Ceci ne concerne pas que Netanyahu, mais aussi les autres membres de la Knesset. Dans l’état actuel des choses, seuls 17 des 120 membres élus de la Knesset – membres du parti de la Liste Commune antisioniste et du Meretz – pensent qu’Israël doit mettre fin à son occupation et accorder leur liberté aux Palestiniens. C’est malheureusement un reflet de la société israélienne. Alors qu’elle prétend vouloir la paix, à chaque élection, elle choisit des dirigeants qui promettent de perpétuer la souffrance des Palestiniens plutôt que d’y mettre fin. En réalité, aujourd’hui on estime à 48 % le nombre d’Israéliens qui soutiennent le nettoyage ethnique des Palestiniens, et des partis fascistes tels que Pouvoir Juif – qui a ses racines dans le Parti raciste Kach, considéré comme une organisation terroriste par le gouvernement américain – vont vraisemblablement être bientôt normalisés dans la Knesset. C’est comme si Trump demandait à l’ancien dirigeant du KKK David Duke d’intégrer son cabinet.
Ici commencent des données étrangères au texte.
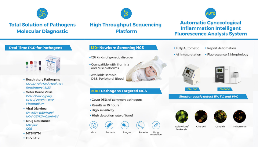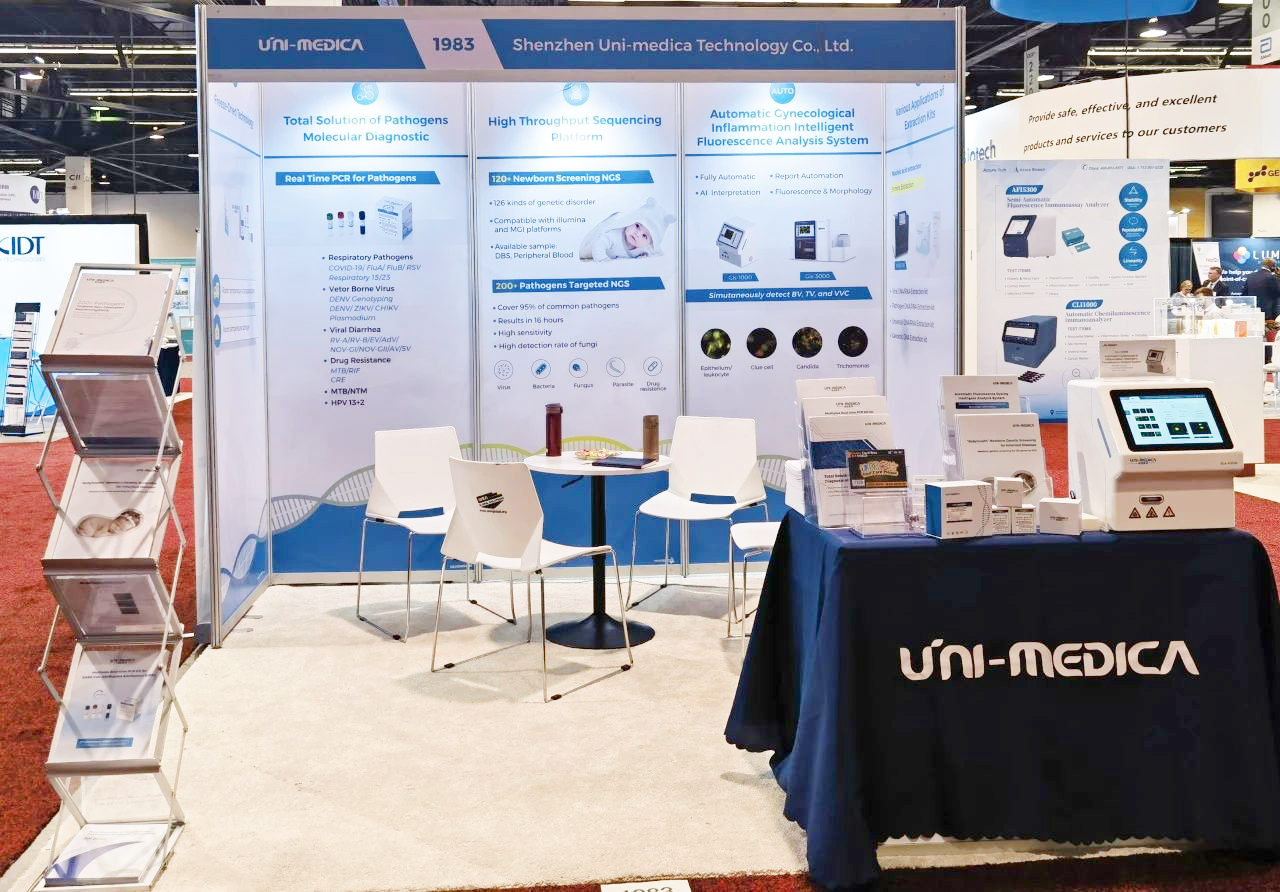 此次展会联合医学携荧光定量PCR全系列产品、妇科炎症智能荧光分析系统、tNGS病原体靶向测序等产品惊艳亮相会场。
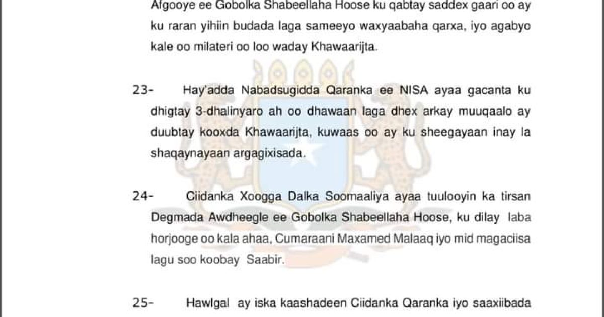 23- Hay’adda Nabadsugidda Qaranka ee NISA ayaa gacanta ku dhigtay 3-dhalinyaro ah oo dhawaan laga dhex arkay muuqaalo ay duubtay kooxda Khawaarijta, kuwaas oo ay ku sheegayaan inay la shaqaynayaan argagixisada.
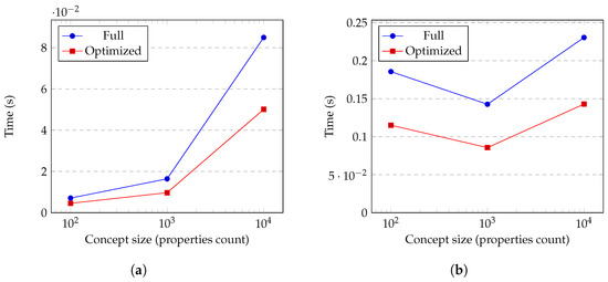 Ten files are included with each concept, one for each concept layer. Furthermore, as seen in Figure 1, a meta-file includes details about the notion and its creator. There is decentralized storage for these files. We employ exponential steps to change the number of characteristics in the structural layer from ten to 10,000 to test the scalability of the system. The number of properties in the naming layer also varies because each property in the structural layer has a unique name. The upper limit of the number of properties in our system is on the order of magnitude of the 30,000 properties listed in ECLASS [40]. The final concept sizes, measured in bytes, were almost KB, KB, KB, MB, and MB after testing.
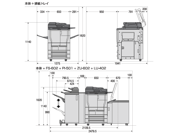 | 機械占有寸法(幅×奥行) | 1275×791mm(本体+DF+排紙皿、手差しを開いた状態) | ||
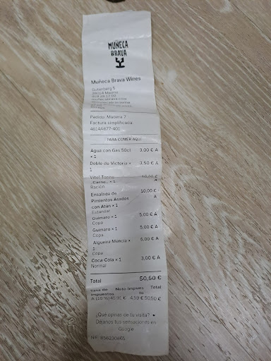 Read moreTengo que decir que mi experiencia en la Vinoteca Restaurante Muñecas Brava fue sencillamente terrible. Desde el momento en que entré, me encontré con un ambiente que, lejos de ser acogedor, parecía más bien un almacén mal iluminado. Las mesas estaban mal ubicadas, demasiado juntas, y la decoración era tan genérica que casi parecía que se habían olvidado de decorarlo en absoluto.
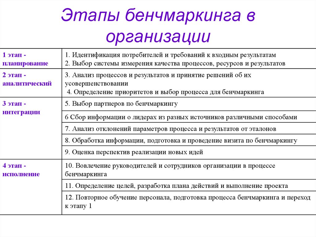 21. Этапы бенчмаркинга в организации
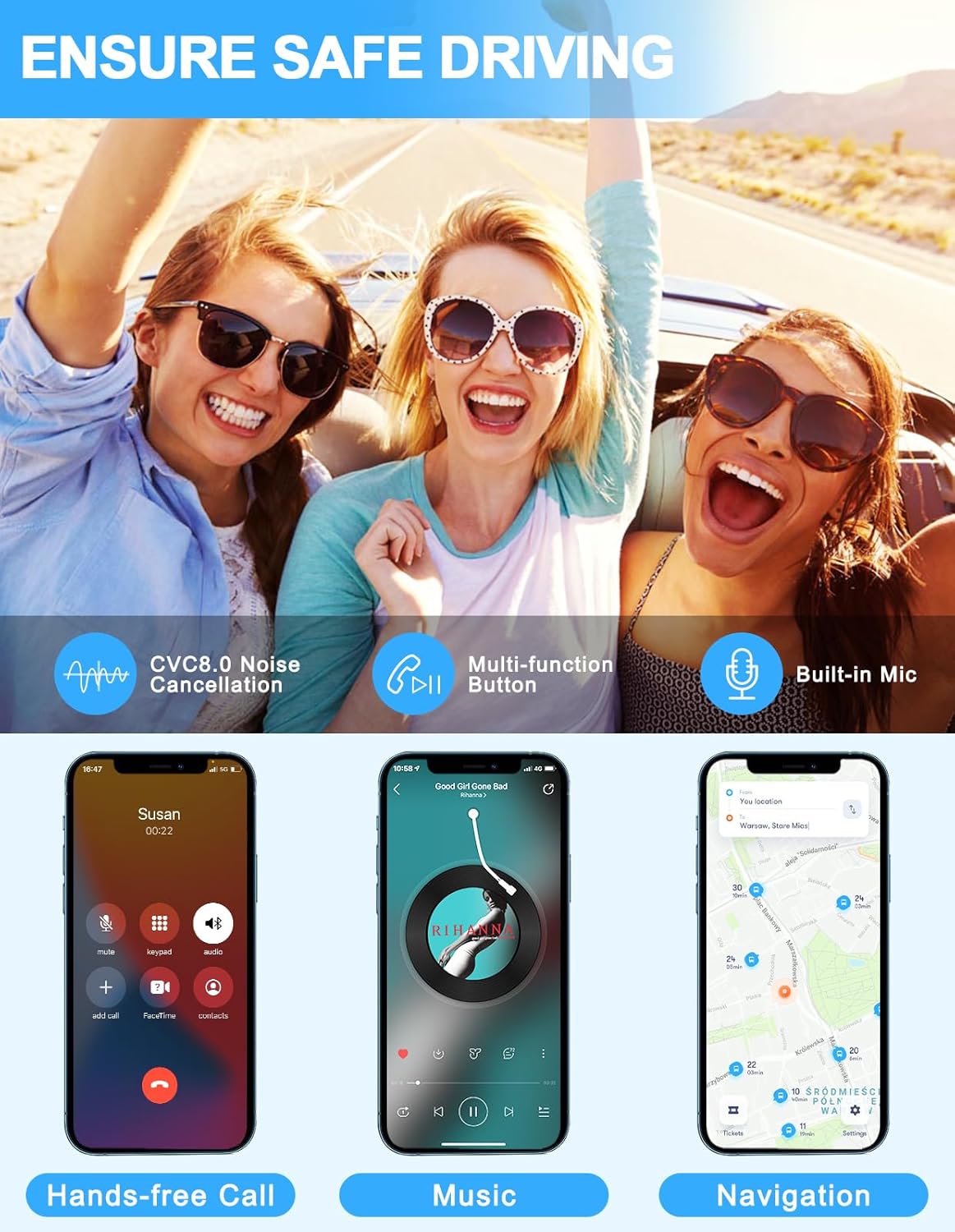 O adaptador também conta com um microfone embutido que capta o som com clareza, permitindo chamadas em modo mãos-livres. O botão “MFB” facilita a resposta, rediscagem, encerramento ou rejeição de chamadas, garantindo que você mantenha as mãos no volante. Além disso, o receptor de áudio Bluetooth suporta notificações de voz de aplicativos de navegação, permitindo que você dirija com segurança sem desviar o olhar do caminho.
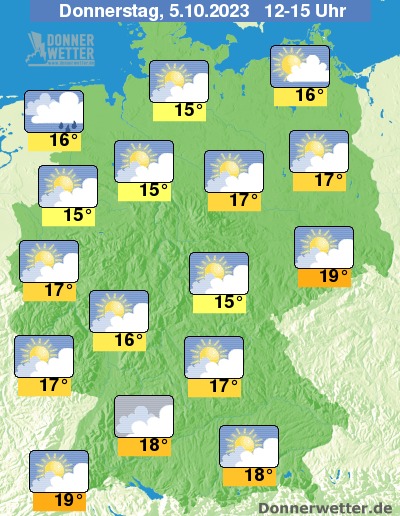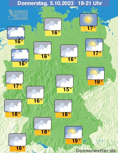 Heute Abend ist es oft stark, teils aufgelockert bewölkt. Im Nordosten heitert der Himmel verbreitet auf. Im westlichen Niedersachsen bilden sich gebietsweie Schauer, während es sonst weitgehend trocken bleibt. Die Temperatur liegt bei 15 Grad in Erfurt und 19 Grad in München.
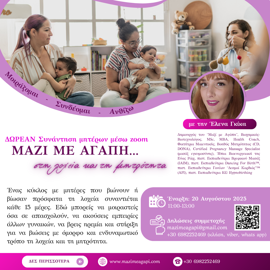Οι δωρεάν συναντήσεις “Μαζί με Αγάπη… στη λοχεία και τη μητρότητα” δημιουργήθηκαν για να προσφέρουν έναν ασφαλή, ζεστό και υποστηρικτικό χώρο...
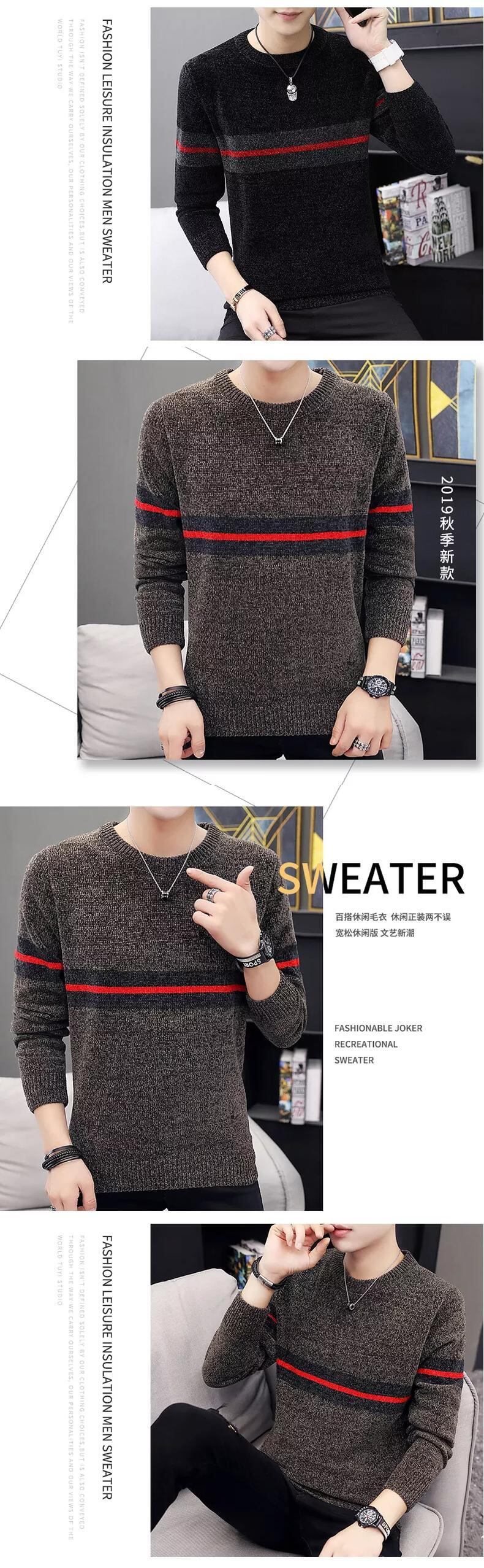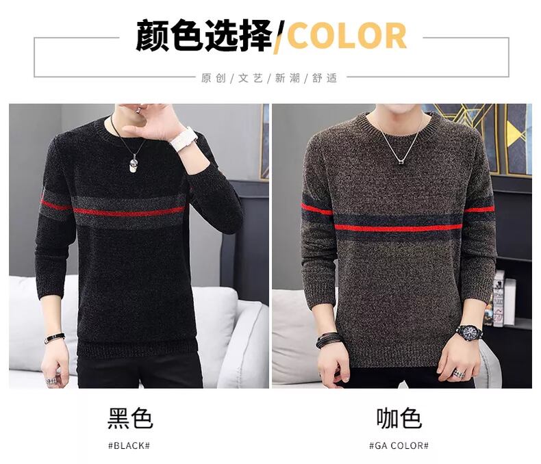 Men's Warm Sweater Round Neck Slim Chenille Sweater Thick Thread Coat Oネック スリム doushi41459566963

C’est tragique et c’est la réalité que subissent les Palestiniens depuis des décennies, qui perdurera à moins qu’Israël ne commence à en payer le prix sous forme d’une pression extérieure de la part de la communauté internationale.
Que Netanyahu annexe ou non réellement la Cisjordanie, ou quelle que soit la composition exacte du prochain gouvernement, tous les principaux partis d’Israël cherchent à ancrer son régime d’apartheid plutôt que d’ouvrir une voie vers la liberté et l’égalité. Ce qui veut dire que, s’il doit y avoir un quelconque mouvement en direction de la paix et de la justice dans la région, on aura besoin d’une intervention du monde extérieur, comme ce fut le cas avec l’Afrique du Sud de l’apartheid. Maintenant, comme alors, cela veut dire l’organisation de campagnes de boycott, désinvestissement et sanctions.
Etant donné que les Israéliens ne veulent apparemment pas obliger leur gouvernement à changer, la question demeure de savoir si le monde obligera finalement Israël à payer un prix pour son refus d’accorder leur liberté aux Palestiniens.
Diana Buttu
Diana Buttu est conseillère politique d’Al-Shabaka, le Réseau Politique Palestinien.